ArticlesGlobal and regional mortality from 235 causes of death for 20 age groups in 1990 and 2010: a systematic analysis for the Global Burden of Disease Study 2010
Introduction
Cause-specific mortality is arguably one of the most fundamental metrics of population health. The rates and numbers of people who die, where, at what age, and from what, is a crucial input into policy debates, planning interventions, and prioritising research for new health technologies. Trends in causes of death provide an important geographical summary of whether society is or is not making progress in reducing the burden of premature (and especially avoidable) mortality and where renewed efforts are needed. If a health information system is not providing timely and accurate information on causes of death by age and sex, major reforms are required to provide health planners with this essential health intelligence.

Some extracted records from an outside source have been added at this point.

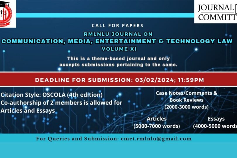 RMLNLU Journal on Communication, Media, Entertainment & Technology Law is inviting submissions for its upcoming Volume 11.
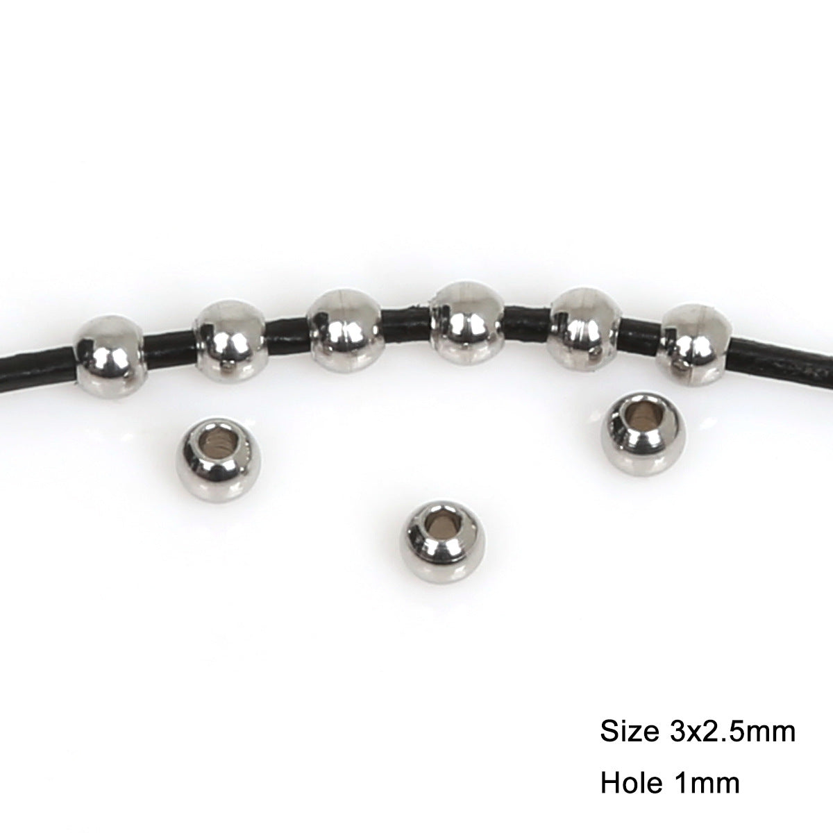 Stainless Steel Round Bead (Steel Ball) 3x2.5mm Hole Diameter 1mm 50pcs Bag
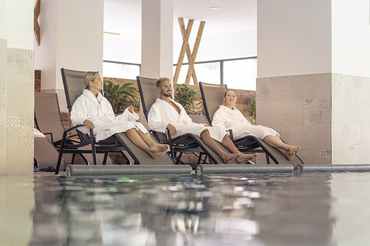 bazén s detským brodiskom, panoramatická fínska sauna, bio sauna, para, infrakabína, zážitkové sprchý, ľadová jaskyňa, relaxačná miestnosť s lehátkami, strešná záhrada pre relaxáciu, masáže*, požičovňa* horských bicyklov a elektro bicyklov
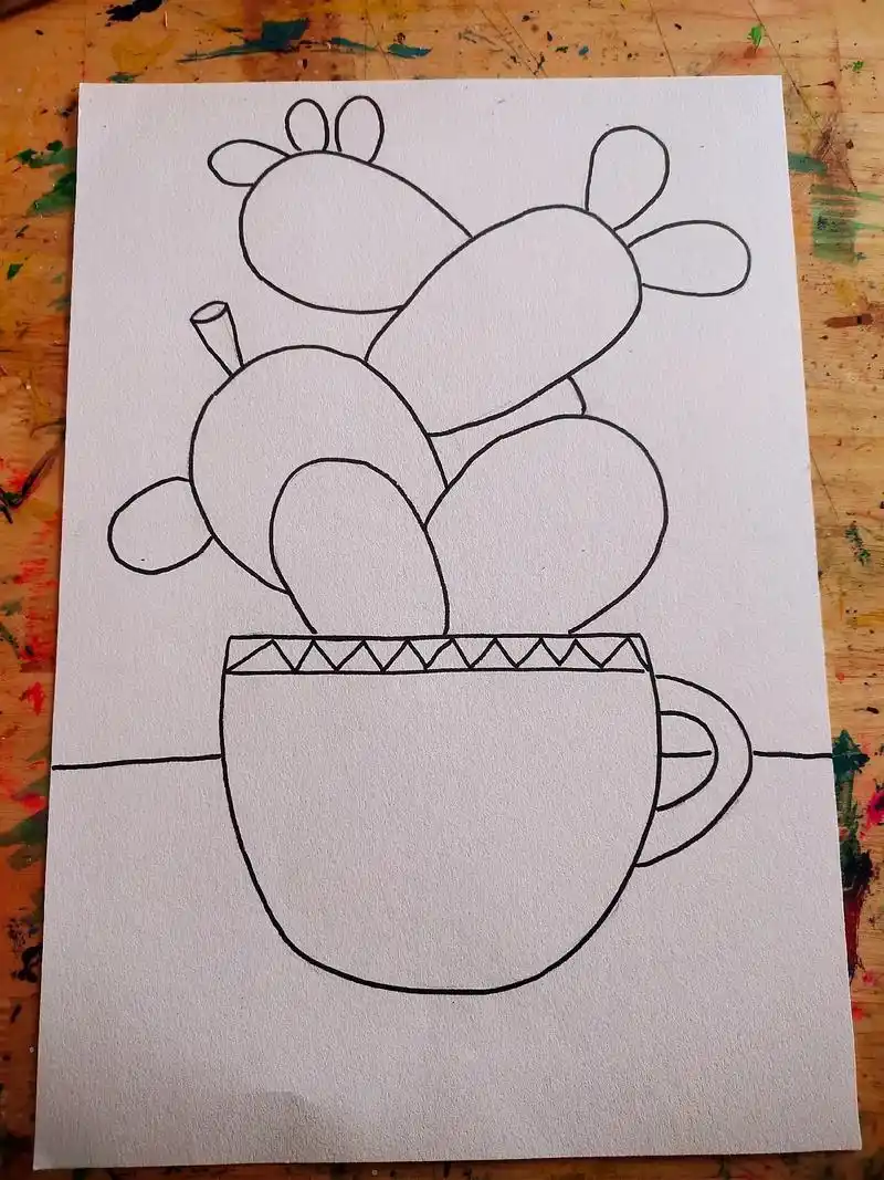爱画画的小朋友 线描画《一盆仙人掌9191》 - 抖音
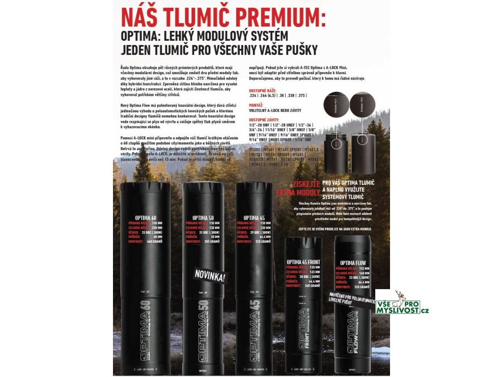 A-TEC Optima - kompletní popis technická data, seznam ráží a systémů upnutí v katalogu A-TEC v Českém jazyce ke stažení na našich stránkách. Modely Optima 60 a 45 jsou určeny pro lovecké a sportovní opakovací, samonabíjecí zbraně, bez předních mířidel. Tlumič jde o 8cm zpět přes hlaveň a přidává tak pouze 15cm k celkové délce zbraně. Přední modul tlumiče je výměnný a lze tak mít jeden tlumič s výměnou sadou modulů pro různé ráže. Model Optima Front je určen pro zbraně s předními mířidly a celou svojí délkou jde dopředu před ústí, opět lze měnit přední modul za modul pro jiné ráže Model Optima Flow je určen speciálně pro samonabíjecí lovecké a sportovní zbraně. Technologie A-FLOW snižuje tlak a tok plynů zpět směrem k výchozímu okénku zbraně. Nejde zpět přes hlaveň a lze měnit přední modul
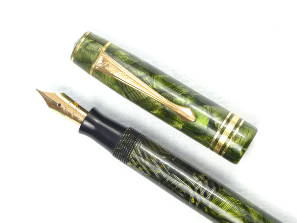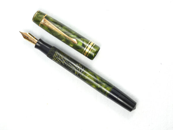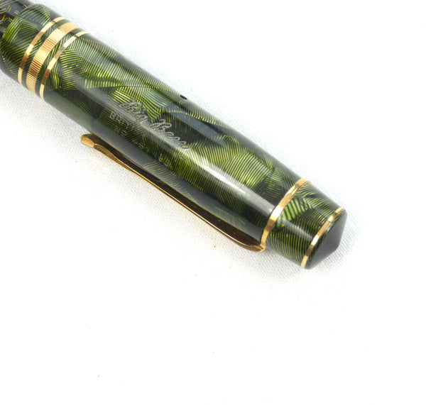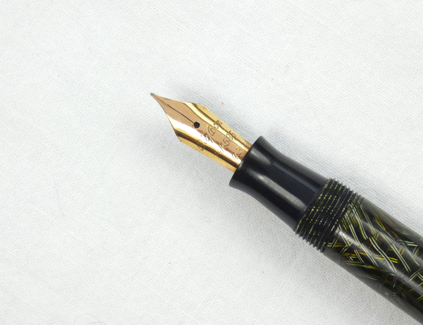 The pen has been restored and is in excellent working condition. The gilling system works well and the 14Ct. Gold Big Ben No. 43 nib writes with a smooth, medium line, perhaps a little on the fine side.
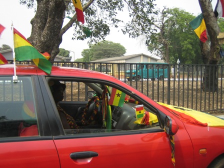 blackstar_feverr_sm.jpgFrom there we threw ourselves into traffic that had doubled in size since the previous week. The frenzy for the Africa Cup Football tournament is heating up. It was very apparent that the ships from China had arrived with all possible kinds of stuff that would add to the patriotism and nationalism that sport events of this magnitude tend to bring out. I imagined the factories in China running non stop for the last month to produce the thousands of flags, hats, badges, balls, umbrellas and whatnot that were now being hawked on the streets by colorfully bedecked young men and women. blackstar_fever2_sm.jpgThe pace was clearly picking up. We saw little of that last week and I suppose this was because the ships had not arrived yet.

Despite the importance of tracking causes of death and the tradition since 1893 of standardisation of definitions and coding for causes of death in the International Classification of Diseases and Injuries (ICD), global assessments of causes of death are a major analytical challenge. Vital registration systems that include medical certification of the cause of death captured about 18·8 million deaths of an estimated annual total of 51·7 million deaths in 2005, which is the latest year for which the largest number of countries (100) reported deaths from a vital registration system. Even for these deaths, the comparability of findings on the leading causes of death is affected by variation in certification skills among physicians, the diagnostic and pathological data available at the time of completing a death certificate, variations in medical culture in choosing the underlying cause, and legal and institutional frameworks for governing mortality reporting.1, 2, 3, 4, 5 For the remaining deaths that are not medically certified, many different data sources and diagnostic approaches must be used from surveillance systems, demographic research sites, surveys, censuses, disease registries, and police records to construct a consolidated picture of causes of death in various populations. Because of the variety of data sources and their associated biases, cause of death assessments are inherently uncertain and subject to vigorous debate.6, 7, 8
Efforts to develop global assessments for selected causes began in the 1980s.9, 10, 11 These efforts were motivated partly because the sum of various disease-specific estimates substantially exceeded the estimated number of deaths in the world, particularly for children.12 Lopez and Hull11 attempted to develop a set of estimates of mortality in children younger than 5 years (under-5 mortality) by cause consistent with all-cause mortality data in 1983. The Global Burden of Disease study 1990 (GBD 1990) was the first comprehensive attempt to do so, and included 134 causes covering all age groups. The GBD 1990 cause of death approach was applied with some refinements to yield estimates of causes of death for 1999, 2000, 2001, 2002, 2004, and 2008.13, 14, 15, 16, 17 Over this period, special attention was paid to priority diseases such as malaria, HIV/AIDS, and tuberculosis. The Child Health Epidemiology Reference Group (CHERG) also produced estimates of under-5 mortality from 16 causes that summed to estimates of deaths in children younger than 5 years for 2000–03, 2008, and 2010,18, 19, 20 partly using the GBD 1990 approach combined with other methods, and putting special emphasis on the use of verbal autopsy as a source of data in low-income settings. Additionally to these comprehensive approaches, the tradition of disease-specific analyses that began in the 1980s with global cancer mortality has continued and intensified. In the past 5 years, for example, articles and reports have been published on global mortality from maternal causes,21, 22, 23, 24 malaria,25, 26 tuberculosis,27, 28 HIV/AIDS,29 road traffic accidents,30 site-specific cancers,31, 32 and diabetes,33 among others.34, 35 These assessments of individual causes are based on diverse epidemiological approaches of varying scientific rigour, and, moreover, are not constrained to sum to estimates of all-cause mortality from demographic sources.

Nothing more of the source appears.